We are using Okapi Tikal tool for extraction of text from HTML files, also we are restoring HTML after translation by Tikal as well. So source for translation have tags and we have strange translation of these lines. Just a few examples:
SENT 1069: <g id="1"> Winaray </g>
PRED 1069: would the Commission be forced to insist on the situation in Western Germany ?
PRED SCORE: -43.64
SENT 1071: <g id="1"> ייִדיש </g>
PRED 1071: would the Commission be forced to insist on the situation in Western Germany ?
PRED SCORE: -43.64
SENT 1073: <g id="1"> Yorùbá </g>
PRED 1073: would the Commission be forced to insist on the situation in Western Germany ?
PRED SCORE: -43.64
Any thoughts how we can fix it? We have same results with -replace_unk and without it.
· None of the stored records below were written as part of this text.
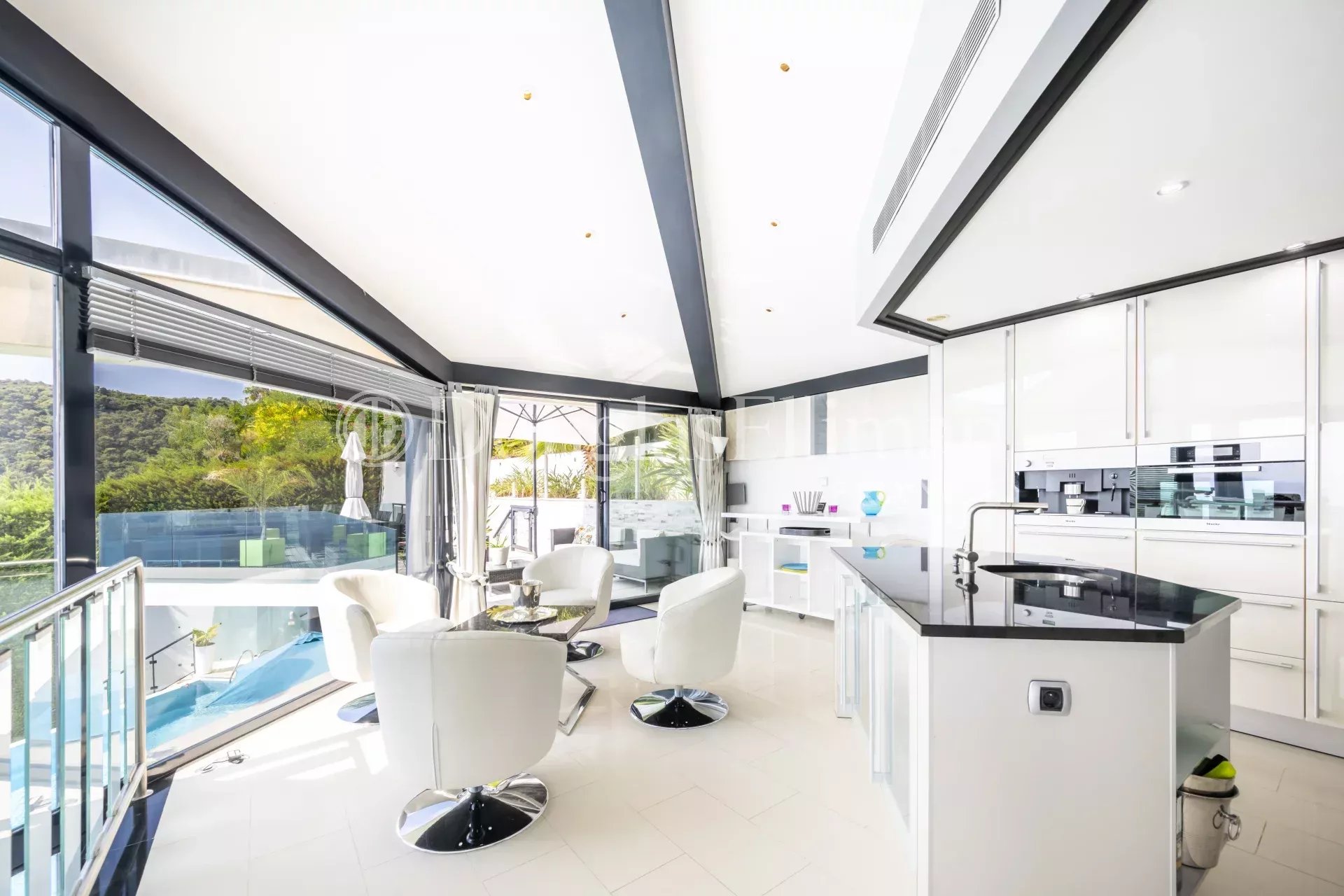 Située en position dominante à Eze bord de mer, entre Monaco et Saint-Jean-Cap-Ferrat cette villa contemporaine d'exception bénéficie d’une vue panoramique imprenable sur la mer Méditerranée et offre des prestations modernes et raffinées.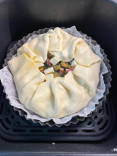 • Trim the excess parchment paper and place the pie in the air fryer. Cook for 25-30 minutes at 320°F, then check the cooking. Once it’s golden, remove it from the fryer and let it rest for a few minutes before serving.
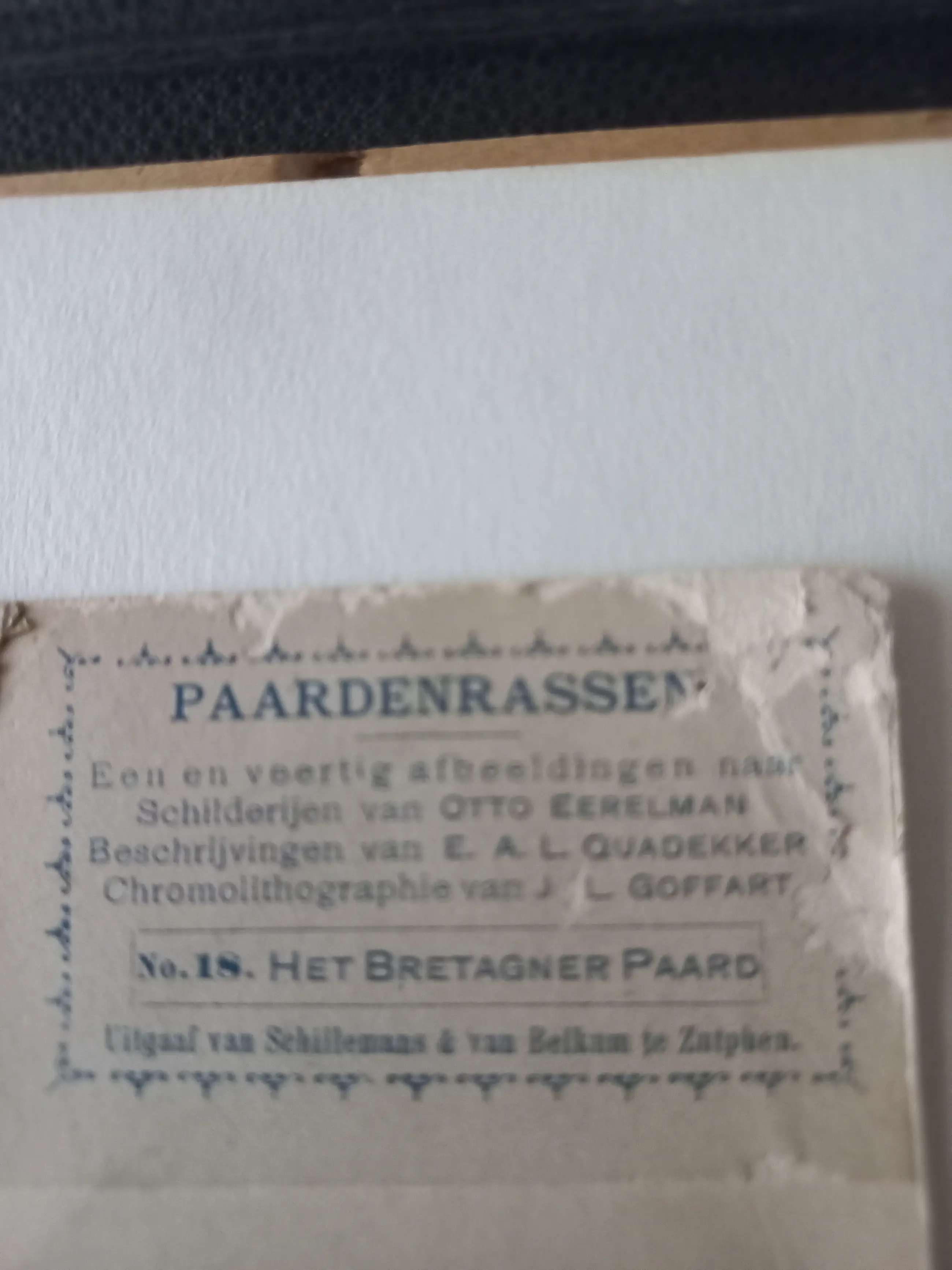 Prachtige chromolithographie Nr.18 het Bretagner paard Beschrijvingen van E.A.L. Quadekker Een van veertig kleuren afbeeldingen naar schilderijen van Otto Eerelman Zeer oude chromotitho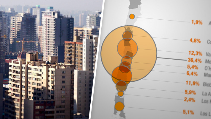 Las regiones que están hacia el centro del país presentan la misma tendencia, pero con valores bajo el 50%: Copiapó (45,8%) por el norte, y Puerto Montt (27,4%) y Valdivia (39%) por el sur.
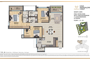 Four-bedroom homes with family and study rooms, three-bedroom homes, two-bedroom homes with a family area, select penthouses, and special garden apartments are available at One Bangalore West. The 50,000-Square-Foot Phoenix Club One, Designed By World-Famous Architects, Features State-Of-The-Art Amenities Such As 2 Outdoor Pools, An Indoor Temperature-Controlled Swimming Pool, A 2-Lane Brunswick Bowling Alley, 2 Olympic Size Badminton Courts, Squash Courts, Multi-Purpose Courts, A Spacious Banquet Hall, And A Poolside Café, Among Others.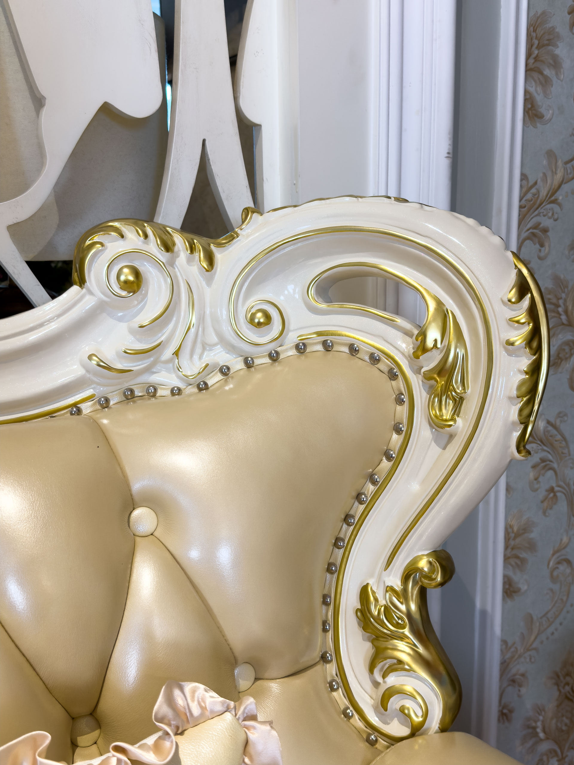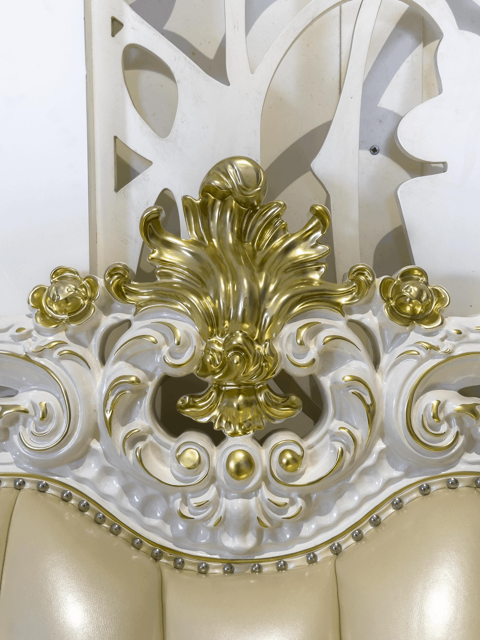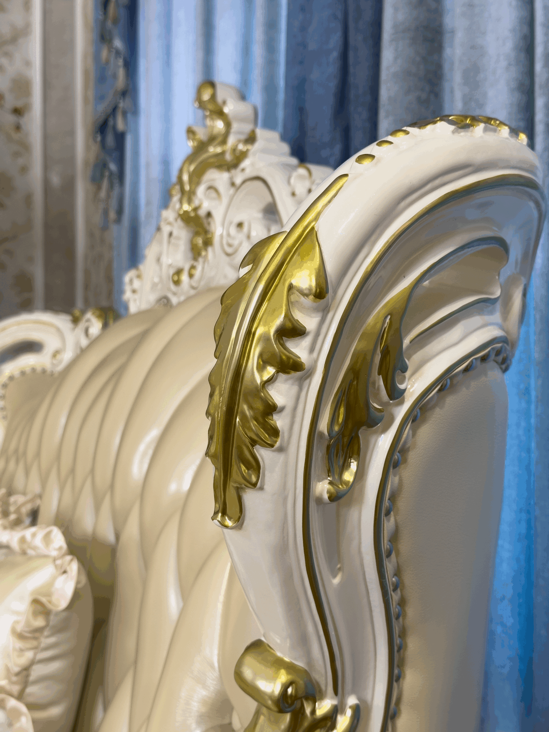 | Chất liệu | Khung gỗ Sồi tự nhiên, Bọc da bò tự nhiên toàn bộ bề mặt tiếp xúc, Sơn Lacker 7 lớp công nghệ sơn Oto, Họa tiết nhũ vàng. |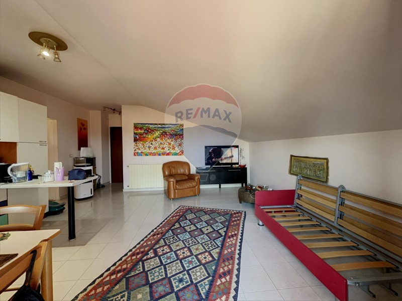 L'ingresso si apre su un accogliente soggiorno con cucina a vista, perfetto per momenti di relax e convivialità, che si affaccia su un balcone dal quale è possibile godere di una piacevole vista panoramica.
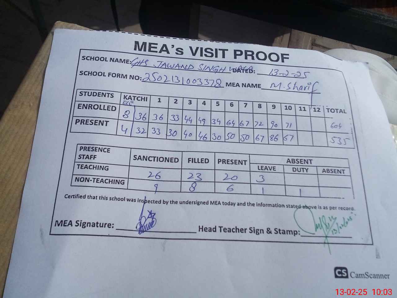 | Attendance Register | Head Teacher | MEA with School | Visit Proof |
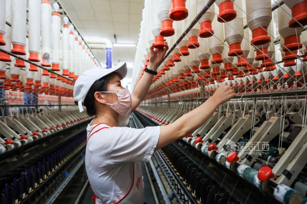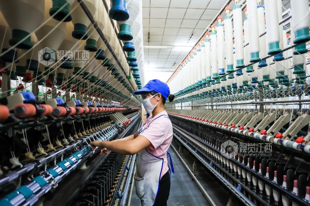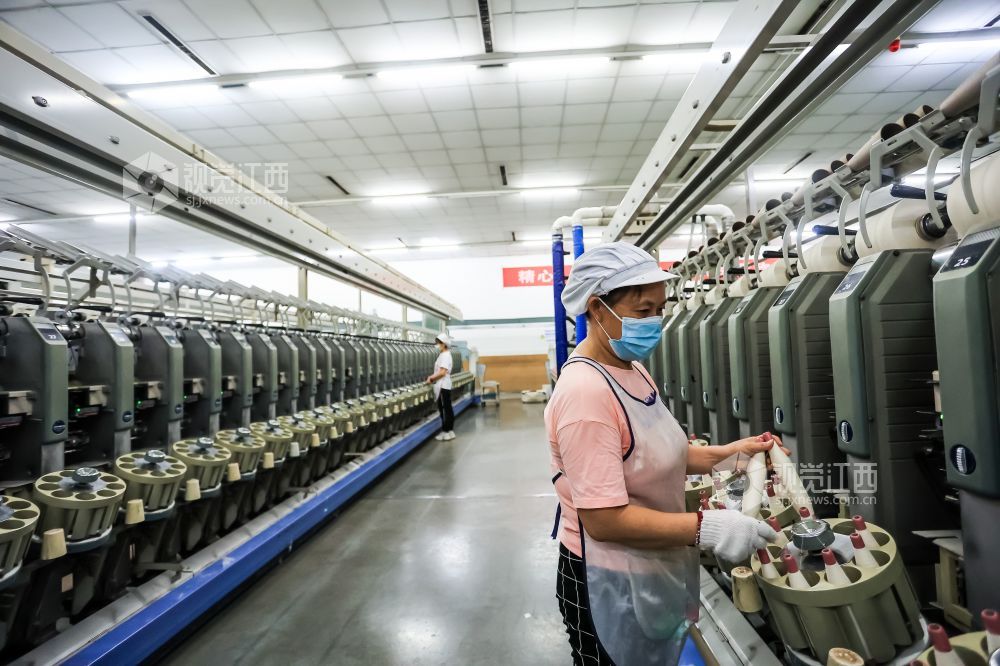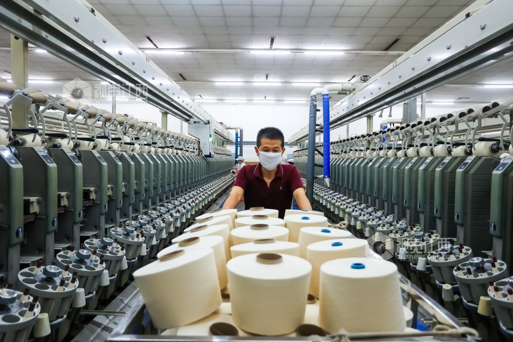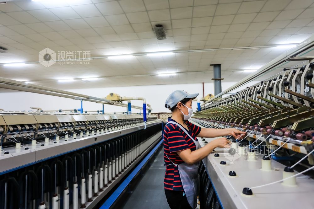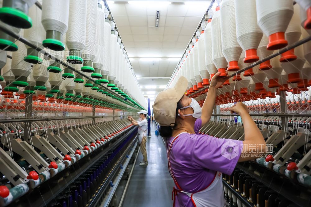 2023年8月30日,江西省瑞昌市经开区江西凤竹棉纺有限公司车间内,纺织工人在生产线上赶制订单。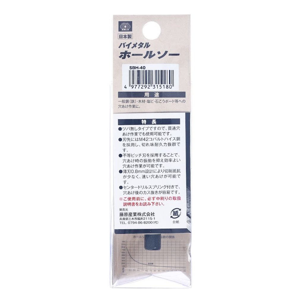 The SK11 Japanese Bimetal Hole Saw, model SBH-40, is designed for efficient drilling through general steel, wood, PVC, and gypsum boards. Its M42 cobalt high-speed steel cutting edge ensures excellent sharpness and durability. The saw's 0.8 mm thin blade minimizes cutting resistance, allowing for quicker drilling. Additionally, the center drill spring facilitates easy removal of waste after drilling.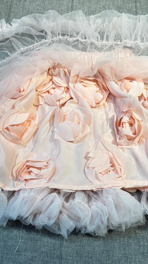 網紗裙是每個小女孩的公主童年, 這款很特別的是內層是細薄有光澤的縀布, 飾以滿滿的立體布玫瑰花, 外罩輕盈的網布, 讓人愛不釋手的BABY粉, 整個超美超夢幻~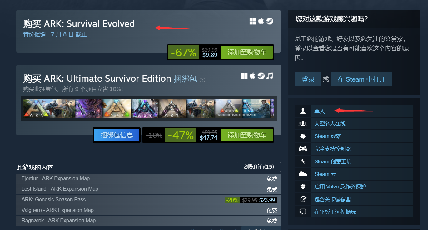 首頁 方舟:生存進化 問答 方舟生存進化有單人模式嗎? 2023-01-18 「方舟:生存進化」是有單人模式的。1,首先我們進入Steam搜索這款游戲,點擊進入游戲界面。2,然後往下滑動找到游戲標簽,就會發現該游戲有單人模式的。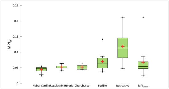 MPIW values ranged from 0.024 to 0.212 during the study period, showing differences in content across water bodies. The overall mean MPIW for all water-bodies was 0.067 (Global MPIW). Nabor Carrillo showed the lowest MPIW (0.044), while Recreativo showed the highest MPIW (0.212), as well as the greatest dispersion of data, indicating that it shows the greatest fluctuations in metal concentration through time (Figure 2).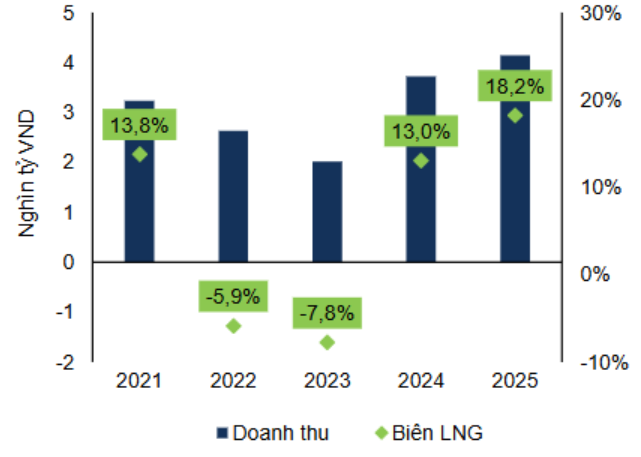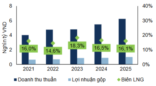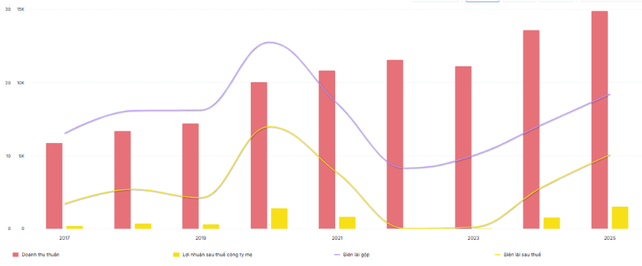 Trong năm 2025, lợi nhuận gộp đạt 2.747 tỷ đồng (+42% yoy), biên lãi gộp đạt 18,4% trong đó:

I don’t know all placeholders so I can’t create specified model. Best case if model can return same non-translated word at same position. But as I know how network works - probably it’s not possible in direct way.
Now main questions - how to use Glossary with high priority than network translation and how to save non-translated words on their places without changes.
It all depends on the training data and what the model has learned.
Generally if a source word is out of vocabulary, it is likely that the network will translate it by an unknown word and then the -replace_unk feature might be able to copy it in the target. But remember that it is not doing a word by word translation so it might just drop it and the copy might also fail because the source word is unknown.
A more consistent approach is to apply the same logic as the named entities on the training data:
Personal thoughts: you could just build a radix tree with all the words you can translate and query it before each neural translation.